I say humbug.  Move on, nothing to see here.


The part # for that component, on DigiKey, is 495-3867-ND - Ferrite Toroid  38.1mm OD.
They're pretty big. And there's simply no room in there for anything else. Besides, CapIndRes has already done the 'taking the thing apart at the end of the demo' thing, to take this whole issue into the Land of the Moot.

This isn't a deception. It's a REPLICATION. I'm suprised that more of you haven't taken the time to check out the output of both Larskro and CapIndRes regarding this technology. Your comments would drammatically change, should you take the time and show some respect.

I s'pose I could have glued the 5 toroids together in order to get rid of some tape and expose the outside paintjobs of the pretty cores, but the naysayers would still try to point out that I could have hollowed them out and snuck a small battery inside each one.

But if you took the time to really attempt this circuit, you'd find that it really does work, just like I did.


- “the black taped thing is apparently A brass tube surrounded by ferrite cores.

If you pay attention while watching the video, I describe in detail what they really are.
I also detail that you could substitute what I used for a brass tube and get the same result. It was a point about how the resistance of whatever connects the part of the circuit going through the core set is essentially zero when the battery is pushing current though during the ON phase.

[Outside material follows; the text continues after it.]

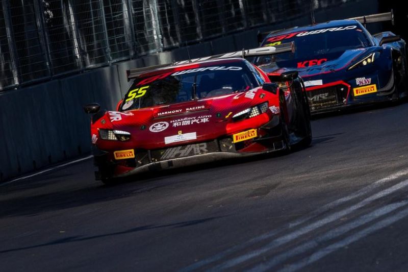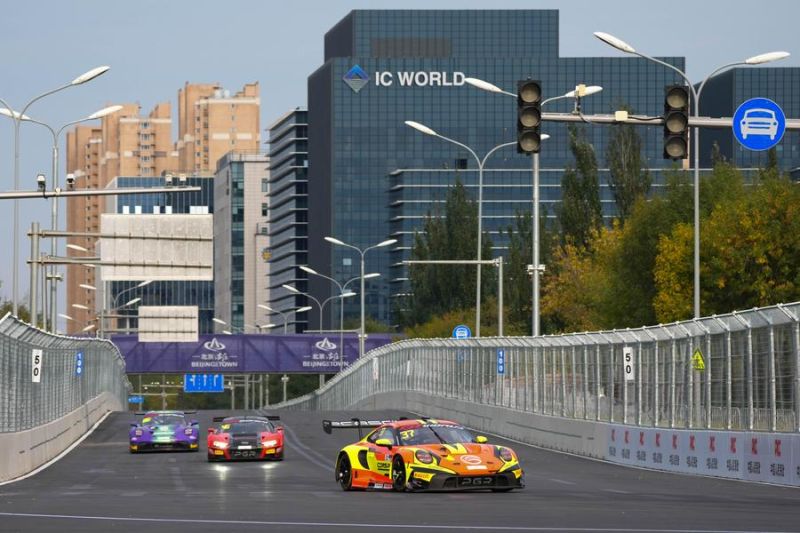 Pembalap China Zhang Yaqi/Ye Yifei dari Harmony Racing (depan) bersaing selama GT World Challenge Asia Race 2 di Beijing Street Circuit di Beijing Economic-Technological Development Area (E-Town) dari Beijing, China, 19 Oktober 2025. ANTARA/Xinhua/Liu Mengqi

I use 4   8 foot lengths of 28 gauge EM wire, soldered at each end.
That results in a 4 X 28 gauge parallel Litz wire. And the final length, after twisting the wires together, is closer to 5 feet. So it's the conventional resistance of a single 5 foot length of roughly 18 or 16 gauge. But you get a better magnetoelectric skin effect transfer toward the dielectric using what I use. That is coiled up into around 8 or 10 turns on its way through the cores. Do I still not sound like I know what I'm talking about?

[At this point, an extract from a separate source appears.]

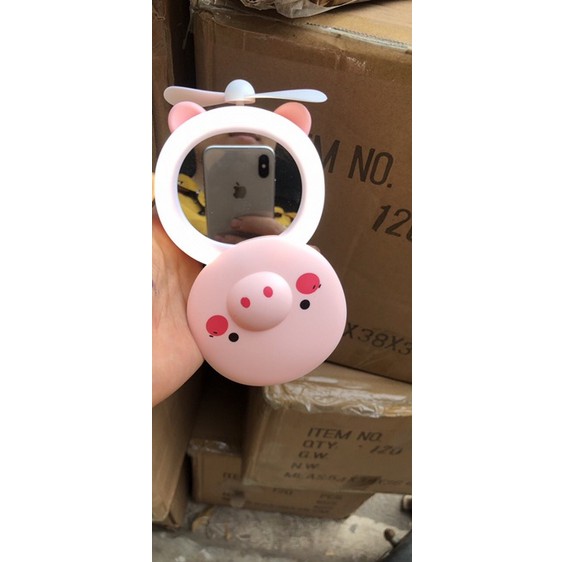 MÔ TẢ SẢN PHẨM : Gương, Đèn, Quạt Hình Lợn- Gồm Quạt + Gương Trang Điểm + Đèn Led- Quạt sạc kiêm đèn và gương trang điểm, vừa có chức năng quạt mát vừa có chức năng đèn thắp sáng và làm gương trang điểm

But again, you can just use a straight ol' piece of brass - or a few other things; just check out their videos to see that as well.


- “It looks like just another stupid amateur ad-hoc YouTube video. There are millions of them out there.

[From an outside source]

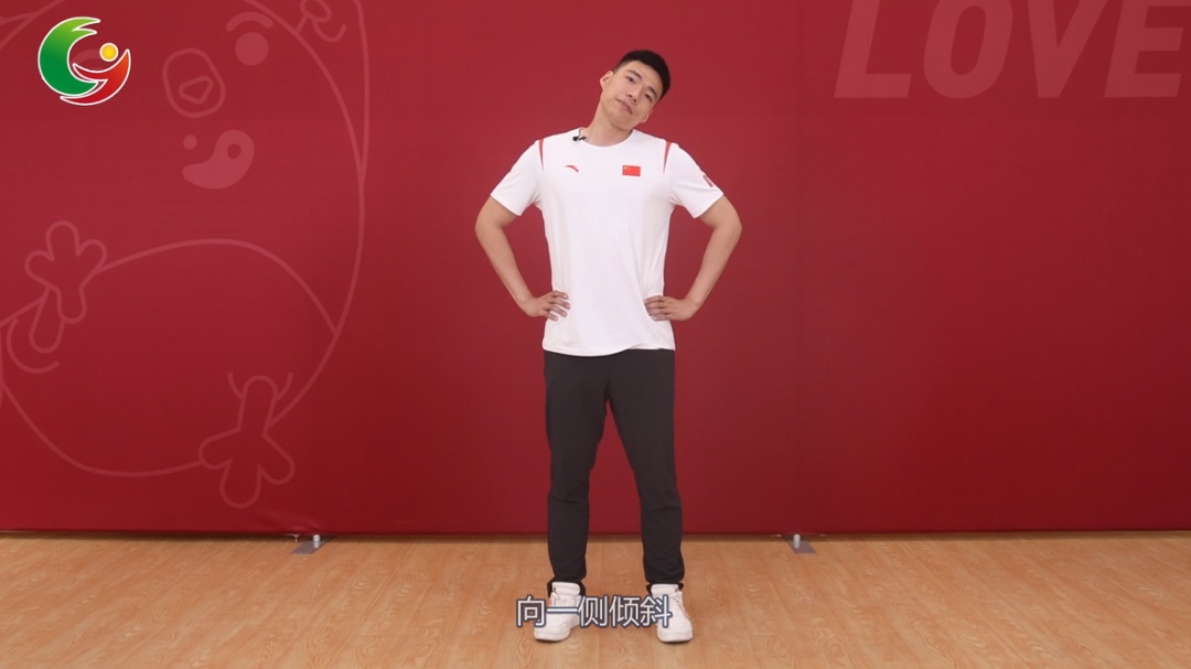 保持自然站姿,向前点头时感受颈部后侧的拉伸,向后点头时,关注颈部前侧的拉伸,左右两侧点头时放松肩膀。

OK. That is just ignorant. And quite trollish.

Seriously, guys. I am known by many in the community.

Endorsement (most recent one) by Matt McMahon, in his review of some of my recent output:
"Stone, this is yet another beautiful creation of yours. You're one of the smartest guys I know and there can really be no value put on the quality of your work. Great job. Beautiful contribution to the HHO community."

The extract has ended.